SHANGHAI (Reuters) – Volkswagen AG’s ID series – the backbone of its electric vehicle ambitions – is off to what even company sources call a worryingly slow start in China.
Sales in May of two ID.4 electric SUV models, launched only two months earlier, came to a mere 1,213 combined. And that was about 200 fewer than in April, according to auto consultancy LMC.
The sales fall far short of initial hopes, four people with knowledge of the matter said, and what some other automakers have achieved with early sales of flagship EV offerings in the world’s largest auto market.
Volkswagen’s venture with state-owned SAIC Motor, which makes the slightly bigger ID.4 X model, had been targeting sales of 50,000-60,000 vehicles this year, according to comments by Yang Siyao, a company marketing executive, in Chinese media in March.
A separate venture between the world’s No. 2 automaker and FAW which makes the ID.4 CROZZ had similar targets, one of the sources said. Those goals now seem unrealistic.

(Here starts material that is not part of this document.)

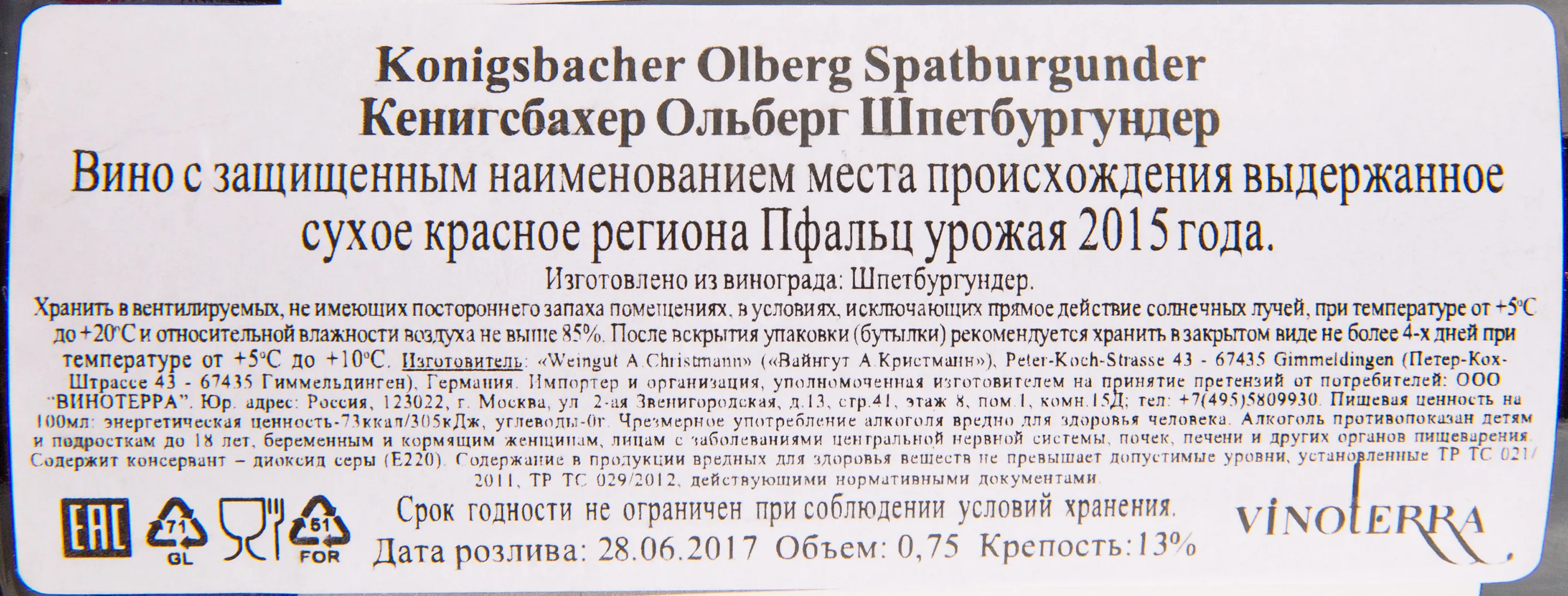 Кенигсбахер Ольберг Шпетбургундер 2015 0.75

Furthermore, both ventures’ EV plants are running below 10% of production capacity, according to three of the people.
The sources blamed the less than auspicious debut on a lack of smart tech features, fierce competition, a late launch compared to Tesla Inc and Chinese EV makers as well as hiccups with its new EV sales network.

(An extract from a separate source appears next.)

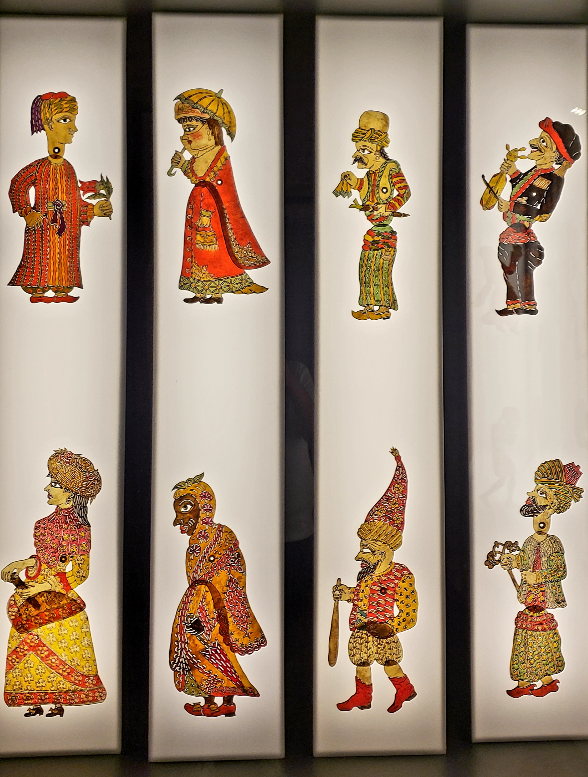We also were introduced to the Karagöz shadow theater, which is based on a person named Karagöz. He, along with his friend Hacivat, were killed by the Sultan for making workers laugh too much and thus they did not finish building the mosque in Bursa in time. A local made leather figures of both men, and put them on a white screen and acted out humorous scenes to try and console the Sultan, who regretted killing the two. From then on, artists created shadow puppets of different characters to entertain Turks for hundreds of years. There is a video, with English subtitles, showing an artist putting on a Karagöz show. Here are a few of the characters.

“Sales so far are behind our earlier expectations. We’ve had to dial down production plans for the ID.4 again and again,” said one person, who like the other sources was not authorised to speak to media and declined to be identified.

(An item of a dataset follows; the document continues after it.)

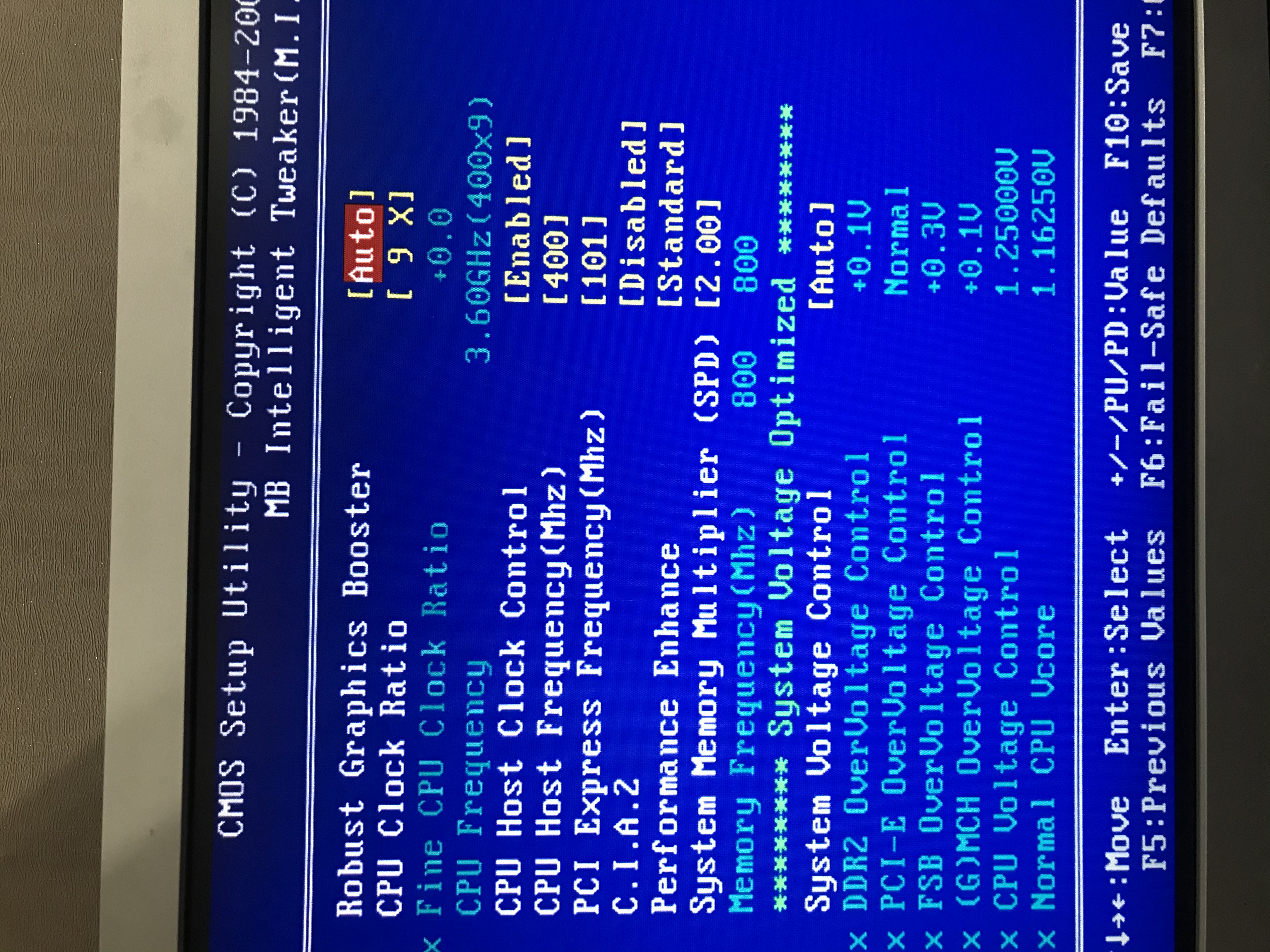 Flixtron выключи параметр с первого фото "full screen logo" поставь вручную на проц 1,35в со второго и сфоткай какие цифры будут на черном экране загрузки биос. для простоты можешь поискать в параметрах boot: Quick boot - и его тоже выключить зы напиши что за мать

“This is not healthy, but at the moment customers are not coming to buy them.”
In another sign of sales stress, SAIC-Volkswagen has suggested staff members buy ID.4s, according to an internal memo seen by Reuters.
By comparison, Tesla sold 6,612 of its Model Y in China in the first two months after its launch. The ID.4’s sales performance in China also contrasts sharply with Europe, where it is a top-selling electric car with 12,101 sold in the first two months post-launch, according to JATO Dynamics.
Volkswagen said in a statement to Reuters that ID. China sales were in line with expectations as it builds up production and a new sales network, adding it does not view Tesla’s Model Y as a direct competitor for the ID.4, which occupies a different vehicle type segment.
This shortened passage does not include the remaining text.